Hong Kong Movie Database (HKMDB)
- Website type: Online movie database
- Available in: English, Chinese
- Website: www.hkmdb.com
- Commercial: No
- Launched: November 1, 1995; 30 years ago
- Current status: Active

= Hong Kong Movie Database =

Hong Kong online movie database

The Hong Kong Movie Database (HKMDB) is a bilingual (English and Chinese) website started in 1995 by Ryan Law. It provides a repository for information about movies originating from Hong Kong and the people who created them.

The database was initially populated with data on over 6000 films, and reviews from the defunct database hosted at egret0.stanford.edu. In subsequent years it has expanded to contain information on more than 20,000 films and nearly 100,000 people, and includes films mainly from Taiwan and China. Additionally, Chinese-language Malaysian and Singaporean movies and few films from other countries (mainly from Hollywood) co-produced by Hong Kong, Chinese and Taiwanese film companies are also included in the database.

==Overview==
HKMDB contains information about films, people, and companies associated with Hong Kong cinema. This includes detailed film credits for cast and crew members as well as image and portrait galleries. The site also includes user-submitted film reviews.

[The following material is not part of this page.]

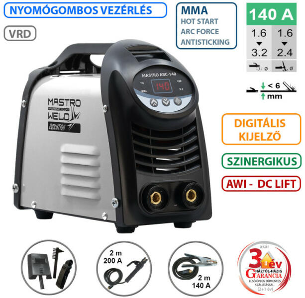 Az IGBT-140 típus 2023-as továbbfejlesztett változata. Garancia: 3 év (1+1+1 év, ami regisztrációhoz kötött. ) -BEVONTELEKTRÓDÁS HEGESZTŐ INVERTER LIFT-TIG AWI FUNKCIÓVAL -DIGITÁLIS kijelző -Hot-Start: Gyújtás könnyítés: Gyors gyújtóáram növelés az ív kialakulásáig. Így könnyebben begyújthatók a nehezebb heg. elektródák is. alacsony: vékony anyagok hegesztésére

The database is bilingual, so movies, people and companies are required to have both Chinese and English information. Additional information about individual films such as production companies, release dates, and languages spoken is included where known. Information about cast and crew members may include gender, birth dates and brief biographies. In all cases, names of people, films and companies are in Chinese, Romanized Chinese, and English.

There are more than 340,000 images in the database. Images can be associated with movies, companies, or people. The images serve primarily as an aid in identification.

Database information can only be modified by an HKMDB editor.

The core of the HKMDB editorial team consists primarily of the "Eight Immortals of HKMDB" - content editors, all of whom have been working on updating and maintaining the site's information for nearly 20 years. The HKMDB editorial team has also included many others and the site encourages interested persons to join the editorial team.

Starting in 2014, the HKMDB became a completely non-remunerative site. It is open and free from ads.